Case A 74-year-old woman was admitted our hospital due to several episodes of dizziness and syncope. Her past medical history was not remarkable. Physical examination revealed no abnormalities except irregular and rapid heart beats. The 12-lead ECG on admission showed a rapid and irregularly irregular rhythm followed by loss of electrical activity which occupy the last one-third of the recoding (Fig. 1). Rhythm strip recording on ward revealed repeated paroxysms of the same tachyarrhythmia followed by ventricular asystole ranging 5 to 12 seconds (Fig. 2). The patient told us she felt dizziness at the time of long ventricular asystole. She was started on oral flecainide (200 mg/day) to suppress the attacks of the tachyarrhythmia with a hope that it may prevent ventricular asystole because every witnessed episodes of ventricular asystole developed after spontaneous termination of the tachycardia. After restoring sinus rhythm sinus pause developed intermittently (Fig 3). Therefore we thought she needed a permanent pacemaker. Sinus node and AV conduction system were evaluated with electrophysiology study. Sinus node function was remarkably depressed; SNRT, 5,063 ms, corrected SNRT 3,035 ms. There was no significant change in the values after IV administration of atropine (2.0 mg). AV block cycle length was 490 ms and no VA conduction was present. Finally, we put a VVI pacemaker. She was discharged on oral flecainide (150 mg/day) with no events on the 10th hospital day. Her final diagnosis was sick sinus syndrome presenting with bradycardia-tachycardia syndrome requiring antiarrhythmic drug therapy and permanent pacemaker implantation to control paroxysmal atrial fibrillation and to prevent long ventricular asystole.

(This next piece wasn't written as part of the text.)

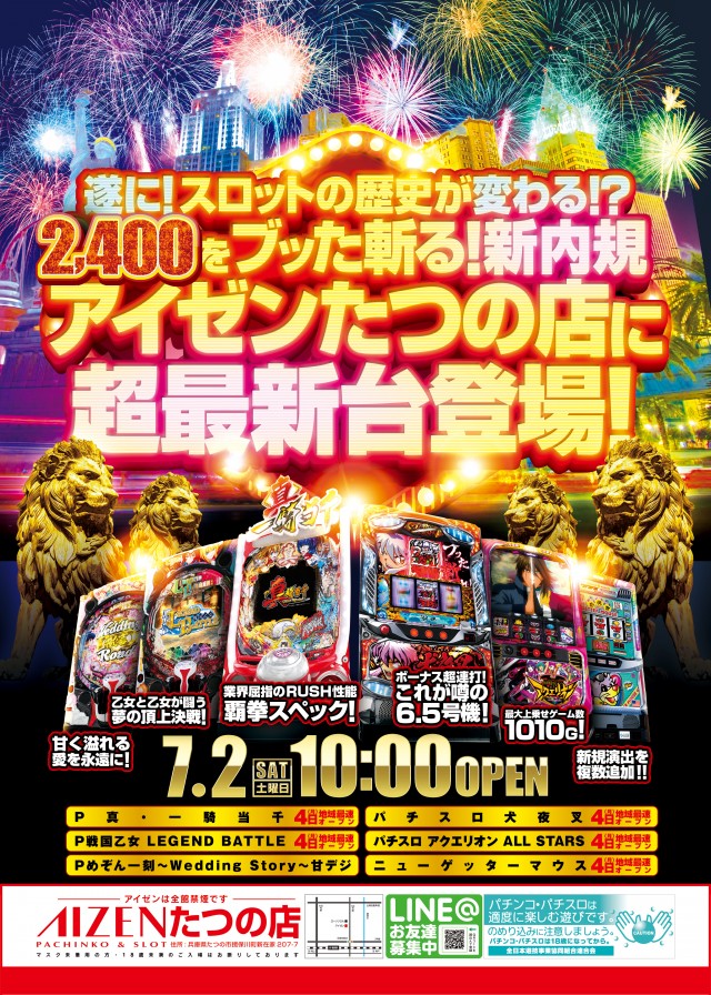 基本年中無休。ただし、新台入替え前日はお休みを頂いております。 |

Legend Fig. 1. A 12-lead electrocardiogram (ECG) showing a rapid irregularly irregular rhythm followed by total loss of electrical signal.
Fig. 2. Rhythm strip recording of ECG revealing that paroxysmal attacks of atrial fibrillation always terminated with a long ventricular asystole.
Fig. 3. Sinus pause recorded after restoring sinus rhythm with oral flecainide.
Fig. 4. A 12-lead ECG recorded after implanting a permanent VVI pacemaker.